He almost looks like he’s break down in tears when discussion turns to the little bone Frau Merkel threw Boris, the notion picked up in British newspapers that the German chancellor was keen on finding a solution within 30 days. The irony of the situation is completely lost on him: the true of the backstop is that it only comes into effect if Britain fucks up in resolving the Irish border, and it is entirely unpalatable to the British parliament because they know they will fuck up.

This is where Hands proudly gets his homework out: a special report he’s been preparing that will finally solve the Gordian knot. I couldn’t help laughing at the top-rate accidental trolling which followed from host Anne Will. Asking the rhetorical question, whether the EU needs to take Britain seriously when they say the ball is in Britain’s court, ‘well here’s Greg Hands, and he not only has a ball, he’s brought a brochure too.’ Sorry Greg, everyone else knows that someone asked you to write that report so they could throw it in the bin. Hope you didn’t put much effort into it.

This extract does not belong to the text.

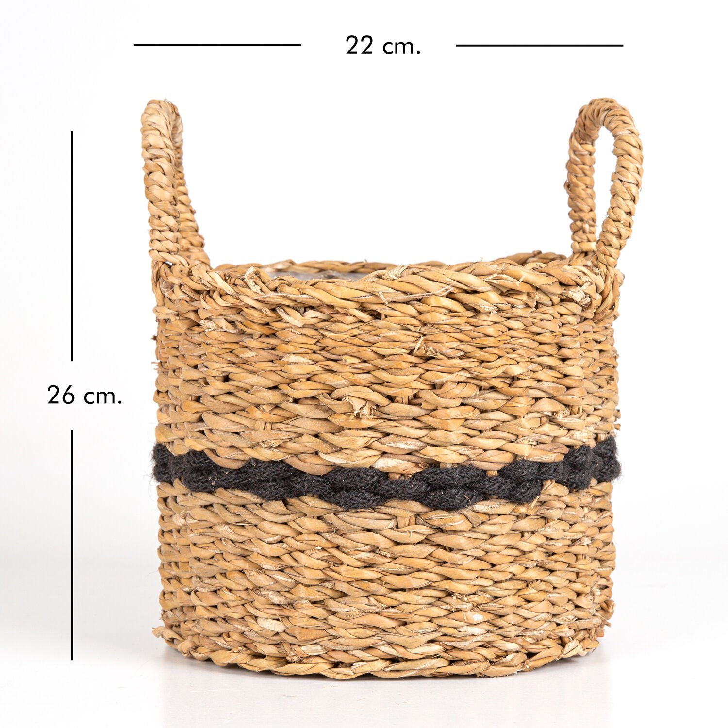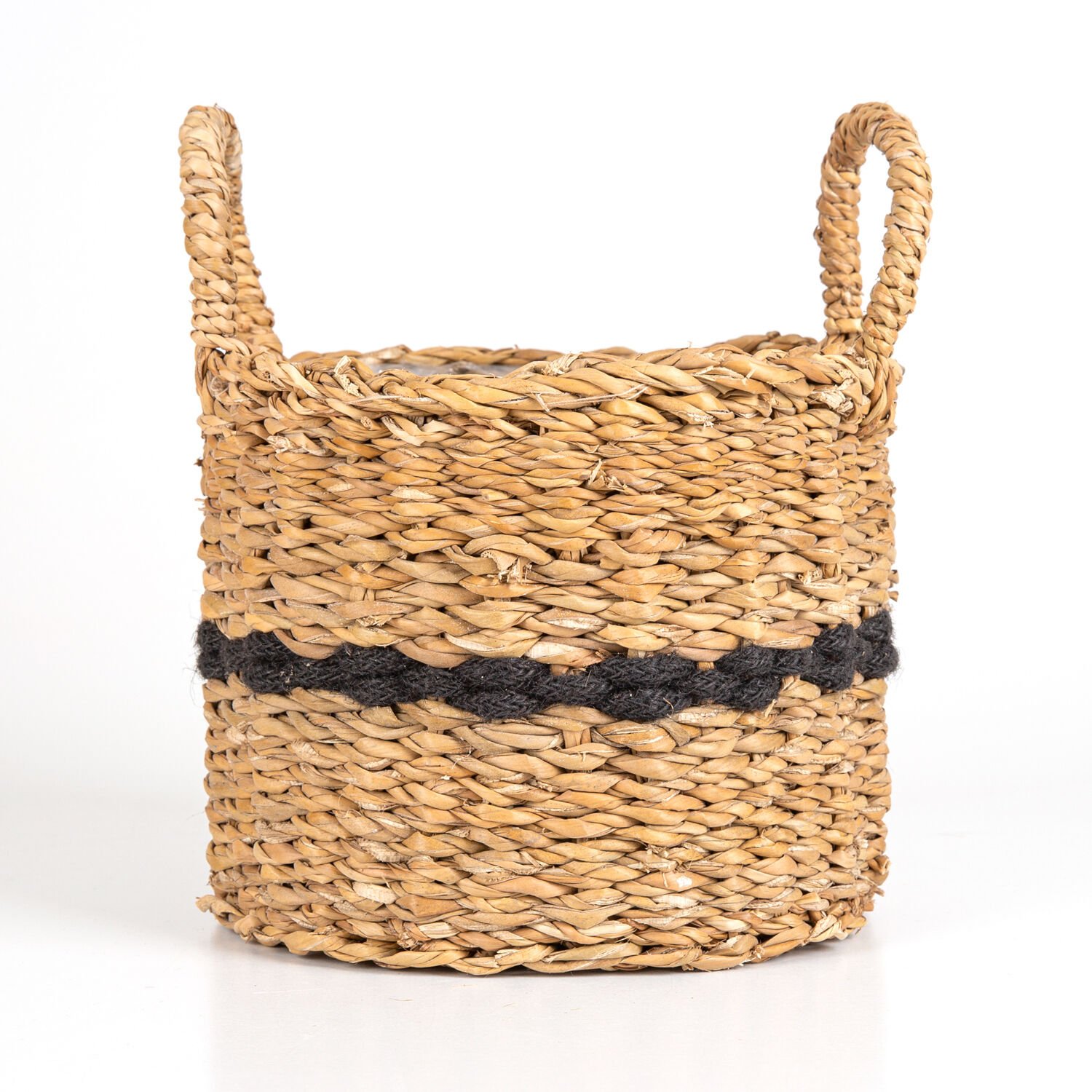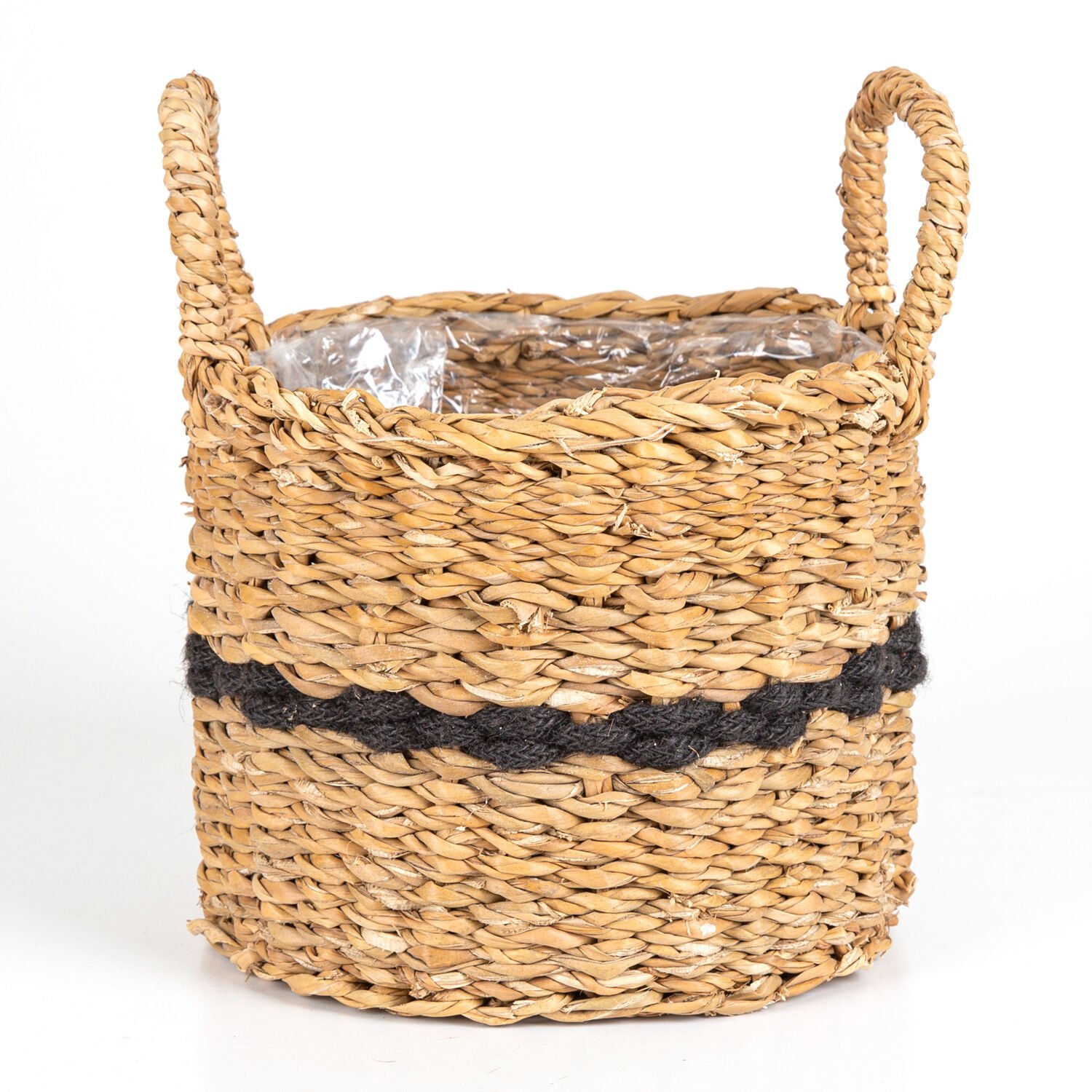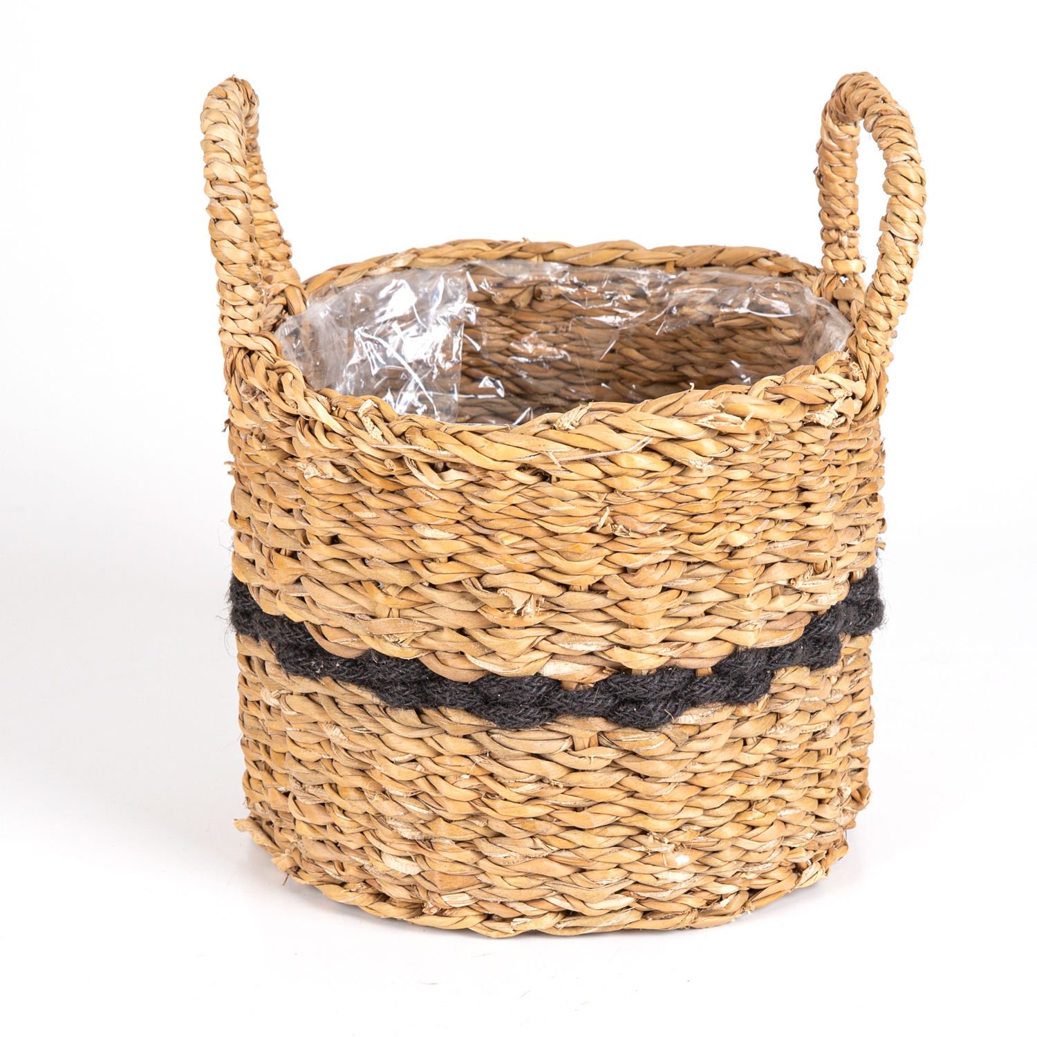 Siyah Kuşaklı Kulplu İçi Naylonlu Hasır Sepet Natural - Siyah 22 x 26 Cm.

Whether it’s stupidity, gullibility, or simply brazen loyalty to his football club party, Greg is dancing to the nationalist tune like a good little boy, genuinely espousing the lies and subterfuge of the hardliners or, more likely, swallowing them whole himself. As he seems to keep reminding us, he didn’t want this, he didn’t vote for this, but he’s happy to play his part as a useful idiot. Sitting as a guest on the show, isolated and alone, trying to defend someone else’s corner across an ever widening gulf whilst simultaneously protesting his own innocence, Greg perfectly embodies a microcosm of the shitshow playing out on the European fringe.